- [DATASET CONTENT]:
☆ ☆ ☆ ☆ ☆ ☆ ☆

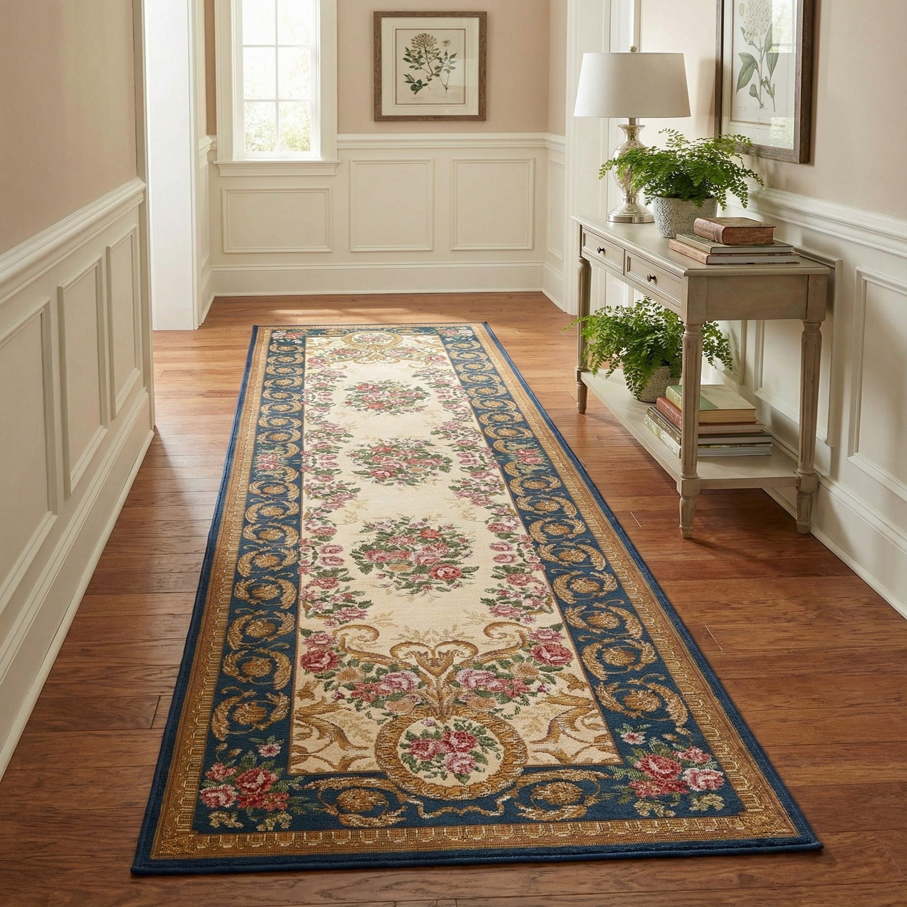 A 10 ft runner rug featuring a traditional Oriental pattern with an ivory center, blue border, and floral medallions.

☆ ☆ ☆ ☆ ☆ ☆ ☆

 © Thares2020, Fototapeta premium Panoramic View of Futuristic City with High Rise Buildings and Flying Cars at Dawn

☆ ☆ ☆ ☆ ☆ ☆ ☆

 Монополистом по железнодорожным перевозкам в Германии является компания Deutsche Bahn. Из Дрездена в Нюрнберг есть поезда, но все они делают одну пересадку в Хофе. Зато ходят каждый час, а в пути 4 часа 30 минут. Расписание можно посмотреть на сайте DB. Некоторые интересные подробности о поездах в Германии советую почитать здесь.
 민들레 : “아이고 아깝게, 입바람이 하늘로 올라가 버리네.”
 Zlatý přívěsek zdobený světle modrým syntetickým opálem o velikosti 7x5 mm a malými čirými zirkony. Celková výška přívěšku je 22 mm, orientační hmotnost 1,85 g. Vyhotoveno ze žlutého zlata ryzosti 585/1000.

☆ ☆ ☆ ☆ ☆ ☆ ☆

- [REQUIRED ACTION]: Give back, unchanged, the run of lines in the listing above that begins at the line containing "아깝게, 입바람이 하늘로" and ends at the line containing "Zlatý přívěsek zdobený", both included.

- [THE ANSWER]:
 민들레 : “아이고 아깝게, 입바람이 하늘로 올라가 버리네.”
 Zlatý přívěsek zdobený světle modrým syntetickým opálem o velikosti 7x5 mm a malými čirými zirkony. Celková výška přívěšku je 22 mm, orientační hmotnost 1,85 g. Vyhotoveno ze žlutého zlata ryzosti 585/1000.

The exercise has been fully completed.